Internal Medicine Department, Rheumatology and Clinical Immunology Unit, Faculty of Medicine, Cairo University, Egypt.
Vitam Horm. 2022;119:441-455. doi: 10.1016/bs.vh.2022.01.002. Epub 2022 Feb 25.
Thrombotic microangiopathies (TMAs) are a group of life-threatening conditions requiring urgent management and characterized by a clinical triad of microangiopathic hemolytic anemia, thrombocytopenia, and ischemic tissue injury. Severe vitamin B12 (Cobalamin-Cbl) deficiency or defective cobalamin metabolism, particularly defects in intracellular B12 metabolism, may lead to a TMA-like picture. The latter has been termed metabolism-mediated TMA (MM-TMA). This confusing picture is mediated partly by ineffective erythropoiesis with significant red cell fragmentation resulting in a hemolytic pattern, coupled with reduced platelet production and endothelial injury with organ damage resulting from accumulated toxic byproducts of B12 dysmetabolism. However, unlike in classic thrombotic thrombocytopenic purpura, where therapeutic plasma exchange has to be initiated promptly, cases of MM-TMA can be treated, if diagnosed properly, with adequate B12 replacement.

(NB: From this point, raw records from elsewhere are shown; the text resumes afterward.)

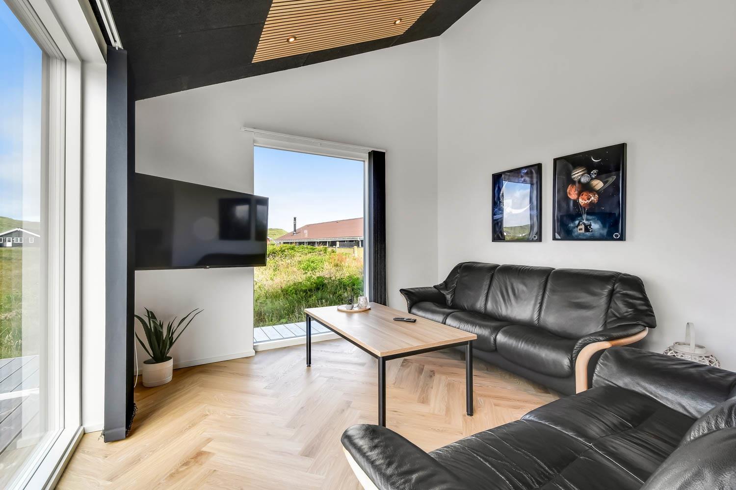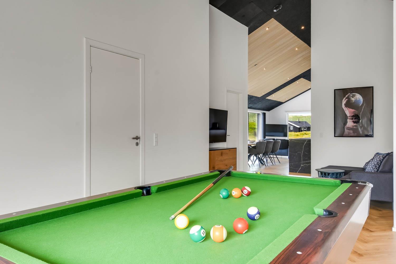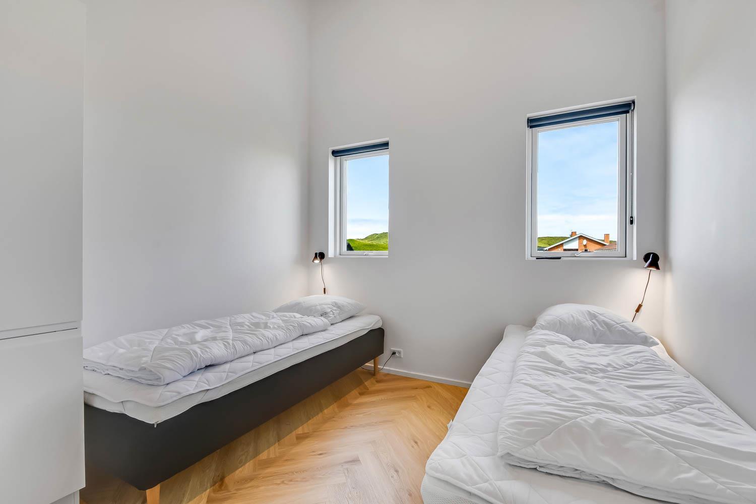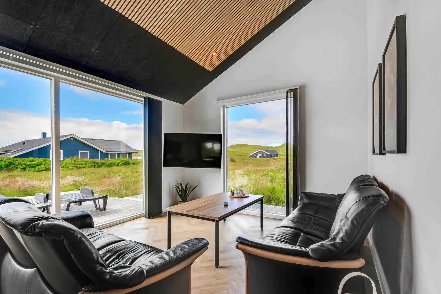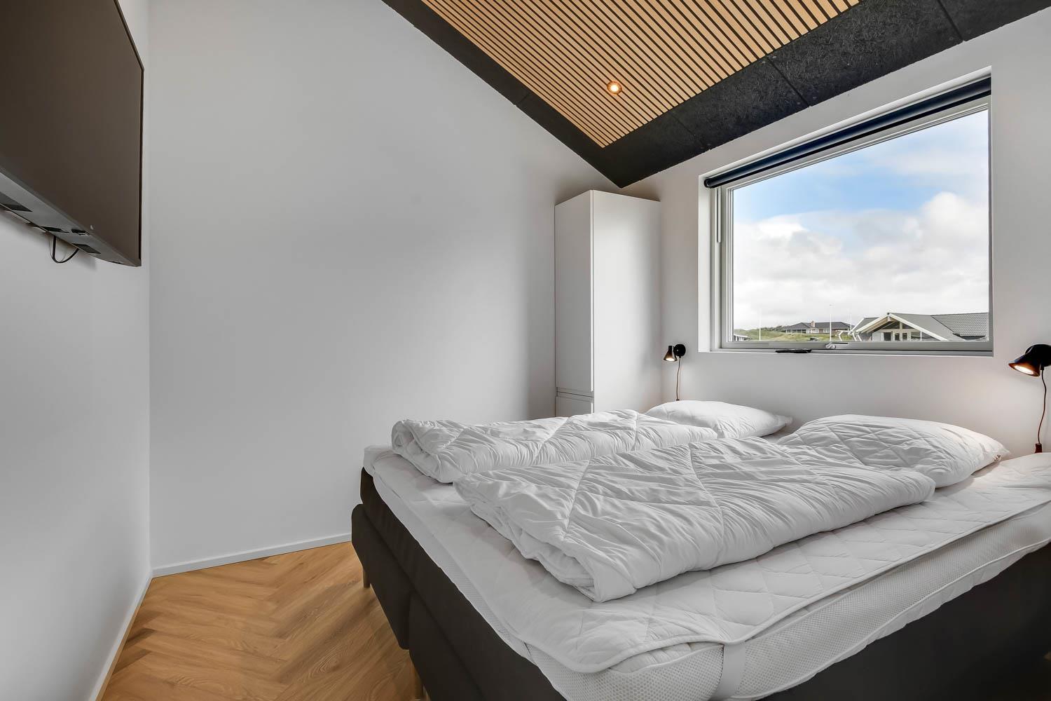 Schon wenn Sie den Kiesweg nur wenige Meter zum Haus begehen, merken Sie bereits, dass die Lage des Hauses ganz speziell ist. Das Haus liegt auf einem sehr für sich gelegenen Grundstück mit hoher Bepflanzung und am Ende einer geschlossenen Sackgasse. Das Haus ist 120 qm groß und hat 4 schöne Schlafräume: 1DB + 1DB + 1DB + 1DB – alle Zimmern sind mit Einzelbetten ausgestattet, die Sie nach Bedarf umstellen können. Im Herz des Hauses befindet sich eine große gut ausgestattete Küche/Wohnraum mit allem an Geschirr und Kochgeschirr. Die offene Küche hat z.B. einen Herd mit Cerankochfeld, einen eingebauten Ofen, große Abzugshaube, Geschirrspüler, Mikrowelle, Kühlschrank mit Gefrierfach, Weinkühler, Eiswürfelmaschine und vieles mehr. Genießen Sie Ihr zubereitetes Essen am Esstisch, der dicht an der Küche steht. Genießen Sie den tollen Blick zu den Dünen an der Nordsee. Entspannen Sie sich in den bequemen Qualitätsmöbeln. Schauen Sie auf einem der Smart-TV mit Soundbar, dänischen und deutschen TV-Programmen, Radio und Streaming-Diensten. Es gibt praktische Hartfußböden mit Fußbodenheizung im ganzen Haus, die auch sehr leicht zu reinigen sind. Schöne praktische Akustikpaneele sorgen für eine gedämpfte und angenehme Lautstärke für alle. Die Wellness-Abteilung hat z.B. einen Innenwhirlpool. Es gibt einen Ausgang zu der großen und wunderbaren Terrassenanlage, wo es auch einen Außenwhirlpool und eine Sauna gibt. Der separate Aktivitätsraum enthält: Tischfußball und Billard. Hier können Sie viele Stunden verbringen. 2 Badezimmer mit Doppel-Duschkabine in jedem Badezimmer, Toilette, Waschbecken und Fußbodenheizung. Waschmaschine und Trockner sind selbstverständlich. Eine Luft zu Wasser Wärmepumpe macht das Haus energiefreundlich und bewirkt auch einen günstigeren Energieverbrauch. Das Haus wird nicht an Jugendgruppen vermietet. Haben Sie ein Elektro-Auto oder Plug-in-Hybrid dann gibt es auch eine Ladebox für Typ 2 Ladestecker, die bis 11 kWh aufladen kann. Nichtraucher-Haus. Max. 1 Haustier ist erlaubt. Obligatorische Endreinigung
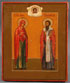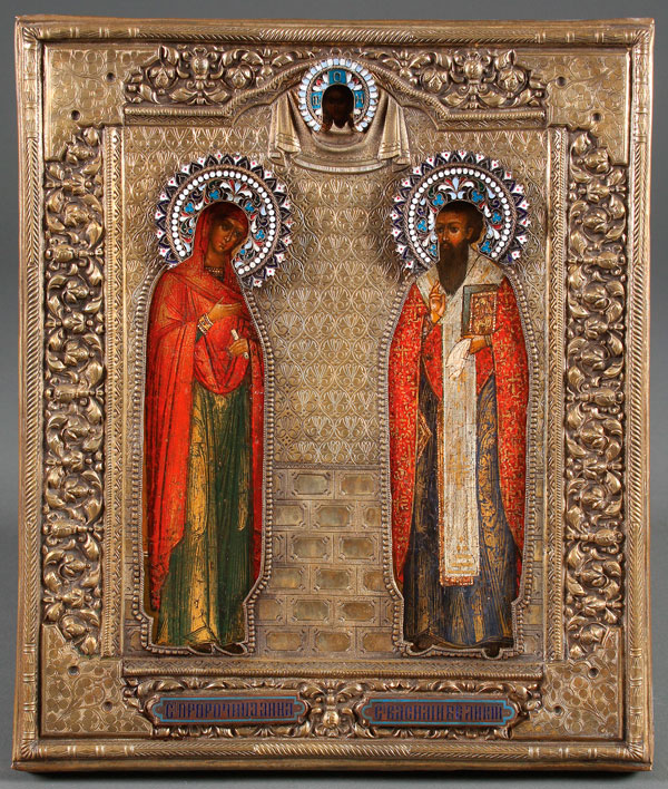 A RUSSIAN ICON OF SAINT ANNA AND SAINT BASIL, 19TH CENTURY. Beneath an image of the Mandylion, two full length images of saints, identified by the inscribed titles above their head as: the Holy Prophetess Anna and Holy Basil the Great. Overlaid with a finely crafted silvered and gilt repoussé and chased riza with applied cloisonné enameled halos and title plaques. 12.5 inches x 10.5 inches (31.7 x 26.7 cm).
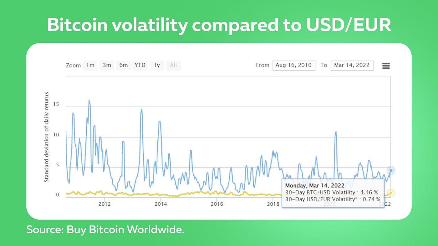 Nevertheless, Bitcoin’s price fluctuations were steadily decreasing, resulting in enhanced network stability. Of course, Bitcoin’s volatility with 4.46% at the time of writing significantly superiors 0.67% of Euro against the dollar. However, this is a significant drop compared to the peak price change of 16.11% on June 13, 2011.
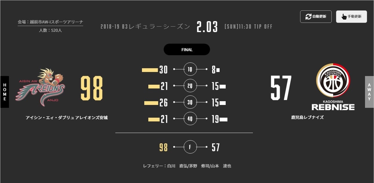 2/3(日)レギュラーシーズン 第12節 vsアイシンAW 試合結果
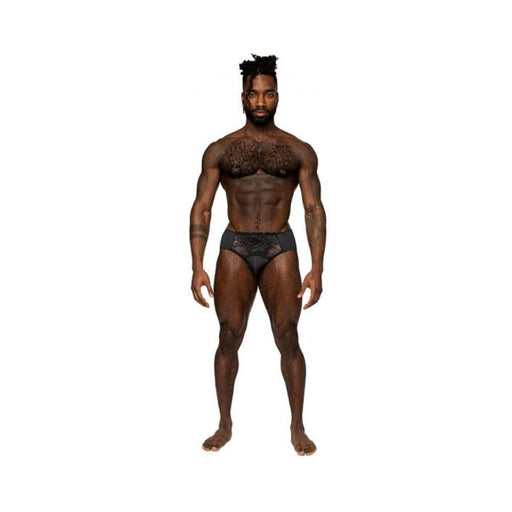 Male Power Sassy Lace Bikini Solid Pouch Black Xl
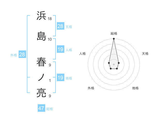 浜島 春ノ亮さんの総格は47画の5点!
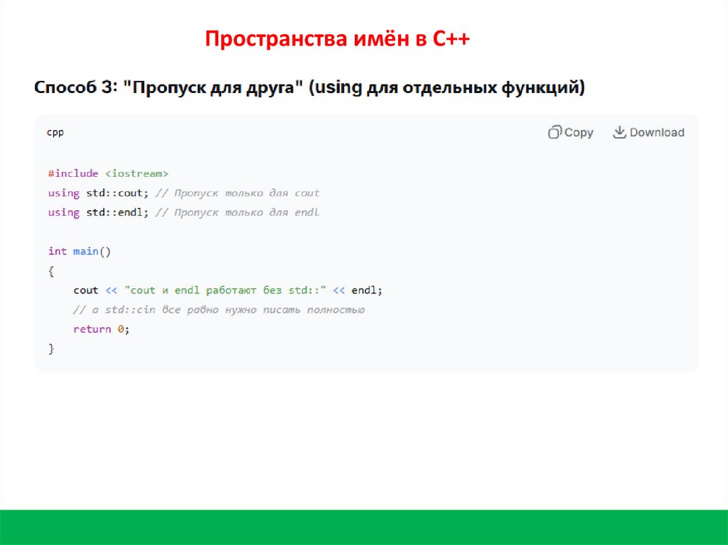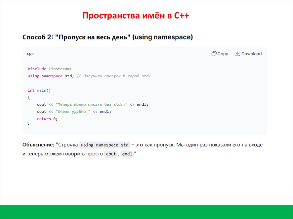 Пространства имён в C++Пространство имён (англ. namespace) — это группа

血栓性微血管病(TMA)是一组危及生命的疾病,需要紧急治疗,其特征是微血管性溶血性贫血、血小板减少和缺血性组织损伤的三联征。严重的维生素 B12(钴胺素-Cbl)缺乏或钴胺素代谢缺陷,特别是细胞内 B12 代谢缺陷,可能导致 TMA 样表现。后者被称为代谢介导的 TMA(MM-TMA)。这种令人困惑的表现部分是由于无效的红细胞生成,导致大量红细胞碎片形成溶血性模式,同时血小板生成减少和内皮损伤,导致 B12 代谢紊乱的毒性副产物堆积,从而导致器官损伤。然而,与必须迅速开始治疗的典型血栓性血小板减少性紫癜不同,如果正确诊断,MM-TMA 病例可以通过适当的 B12 替代治疗。